[Exercise directions] Here, the job is to give back every entry below unchanged, omitting pictures.

****************************************

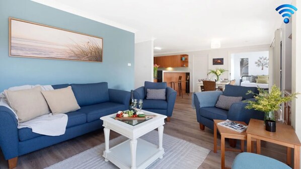 All linen (sheets and bath towels) is supplied for your stay and included in the tariff. For the comfort of our guests, we do not triple-sheet. All beds have a fitted sheet, a flat sheet and a quilt with a full cover. BYO linen for the complimentary travel cot. BYO beach towels.
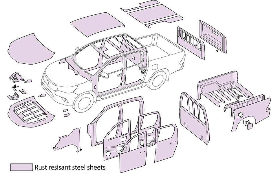 صفائح صلبة مقاومة للصدأ يسهم الاستخدام المكثف للصفائح الصلبة المضادة للصدأ ككسوة لهيكل السيارة وسطحها في زيادة متانتها وقوتها، مهما كانت الظروف قاسية
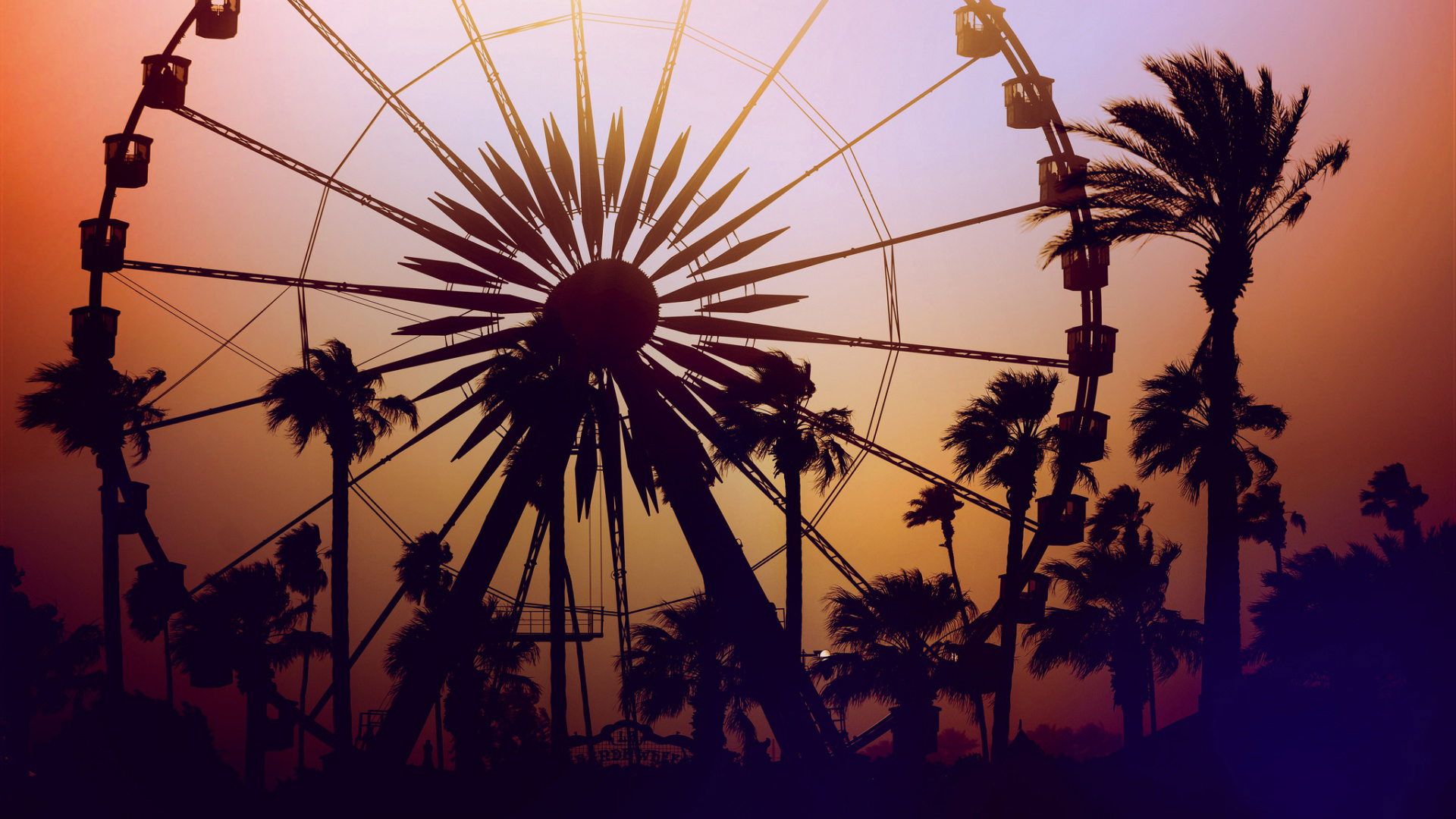 Description: A ferris wheel with palm trees in the background at sunset or dawn with a colorful sky in the background.
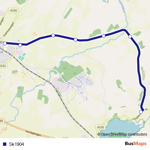 The first stop of the Sk1904 bus route is Vigrestad skule and the last stop is Torshammaren. Sk1904 is operational during på hverdager.
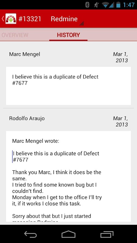 - Read/Use/Write/Authenticate accounts: your Redmine servers are managed as Android accounts, for better integration, seamless syncing and battery savings
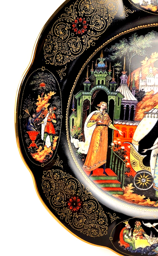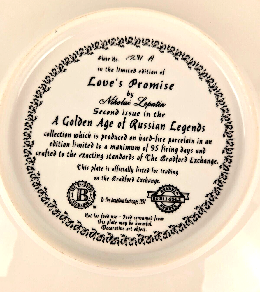 Love's Promise Russian Collectors Plate Bradford Exchange 1998 Ltd Edition This is a beautiful vintage collector plate from the late 20th century (1998) by Bradford Exchange. The round porcelain plate features a multicolor design with gold edging, depicting a theme of love and enchanting beauty from Russian culture. It is part of the "Golden Age of Russian Legends" product line and is a limited edition item. The plate measures 8 inches in diameter and weighs 7 ounces. This remarkable art piece will be a delight to any home decor. Be sure to check out my website for the other pictures in this collection. We carefully pack each item to prevent breakage. We only charge what the shipper charges and cannot control the shipping costs. We do not accept returns/refunds unless item is not as described per eBay policy or the item arrives damaged or broken beyond anything noted in the condition field or pictures. If you have any questions about any of our listed items, feel free to email us.
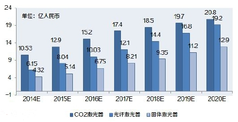 激光產業目前我國應用與激光醫療,激光加工等行業,其中材料加工,通訊,信息,醫學,測量與其他等領域各占12%,32%,12%,14%,20%,9%和1%。
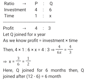 10. P invested Rs. 4000 for one year. Q joined him with an investment of Rs. 6000 after a few months. If at the end of one year the ratio of profits of P and Q is 4 : 3, then Q joined after how many months? [SSC CHSL 14/03/2023 (1st Shift)]
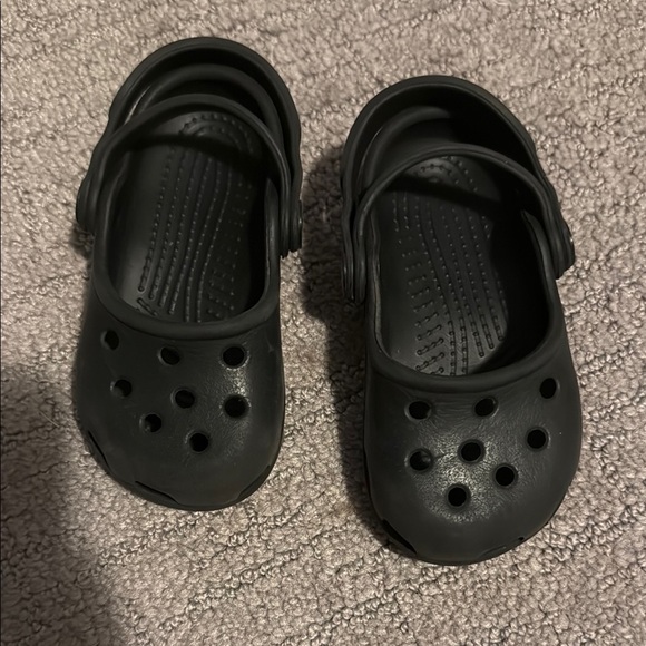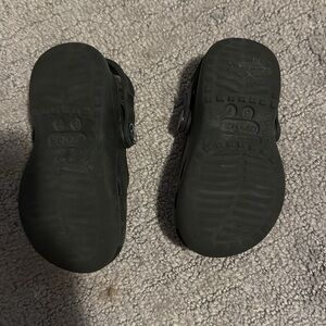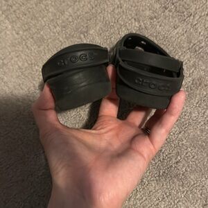 These are black double strap Mary Jane style Crocs in a size 6 or 7, depending on where you wear the strap. Fair used condition as some of the “crocs” logo on the side as started to wear, otherwise the shoe itself is intact.
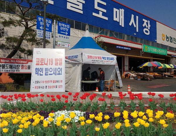 시는 다중이용시설인 농산물도매시장 내 코로나19 확산방지를 위하여 발열 확인 부스를 설치 운영 중에 있으며, 도매시장 시설전역에 대대적인 방역을 실시하고, 경매장, 공용화장실 등에 손 소독제 비치, 마스크 착용 현수막 게첨, 개인위생 실천 홍보방송 등을 실시함은 물론 도매시장 법인, 중도매인 등 모든 유통종사자의 역할을 점검하고 철저한 대응을 추진해 왔다.

****************************************

[Result of the task]
 All linen (sheets and bath towels) is supplied for your stay and included in the tariff. For the comfort of our guests, we do not triple-sheet. All beds have a fitted sheet, a flat sheet and a quilt with a full cover. BYO linen for the complimentary travel cot. BYO beach towels.
 صفائح صلبة مقاومة للصدأ يسهم الاستخدام المكثف للصفائح الصلبة المضادة للصدأ ككسوة لهيكل السيارة وسطحها في زيادة متانتها وقوتها، مهما كانت الظروف قاسية
 Description: A ferris wheel with palm trees in the background at sunset or dawn with a colorful sky in the background.
 The first stop of the Sk1904 bus route is Vigrestad skule and the last stop is Torshammaren. Sk1904 is operational during på hverdager.
 - Read/Use/Write/Authenticate accounts: your Redmine servers are managed as Android accounts, for better integration, seamless syncing and battery savings
 Love's Promise Russian Collectors Plate Bradford Exchange 1998 Ltd Edition This is a beautiful vintage collector plate from the late 20th century (1998) by Bradford Exchange. The round porcelain plate features a multicolor design with gold edging, depicting a theme of love and enchanting beauty from Russian culture. It is part of the "Golden Age of Russian Legends" product line and is a limited edition item. The plate measures 8 inches in diameter and weighs 7 ounces. This remarkable art piece will be a delight to any home decor. Be sure to check out my website for the other pictures in this collection. We carefully pack each item to prevent breakage. We only charge what the shipper charges and cannot control the shipping costs. We do not accept returns/refunds unless item is not as described per eBay policy or the item arrives damaged or broken beyond anything noted in the condition field or pictures. If you have any questions about any of our listed items, feel free to email us.
 激光產業目前我國應用與激光醫療,激光加工等行業,其中材料加工,通訊,信息,醫學,測量與其他等領域各占12%,32%,12%,14%,20%,9%和1%。
 10. P invested Rs. 4000 for one year. Q joined him with an investment of Rs. 6000 after a few months. If at the end of one year the ratio of profits of P and Q is 4 : 3, then Q joined after how many months? [SSC CHSL 14/03/2023 (1st Shift)]
 These are black double strap Mary Jane style Crocs in a size 6 or 7, depending on where you wear the strap. Fair used condition as some of the “crocs” logo on the side as started to wear, otherwise the shoe itself is intact.
 시는 다중이용시설인 농산물도매시장 내 코로나19 확산방지를 위하여 발열 확인 부스를 설치 운영 중에 있으며, 도매시장 시설전역에 대대적인 방역을 실시하고, 경매장, 공용화장실 등에 손 소독제 비치, 마스크 착용 현수막 게첨, 개인위생 실천 홍보방송 등을 실시함은 물론 도매시장 법인, 중도매인 등 모든 유통종사자의 역할을 점검하고 철저한 대응을 추진해 왔다.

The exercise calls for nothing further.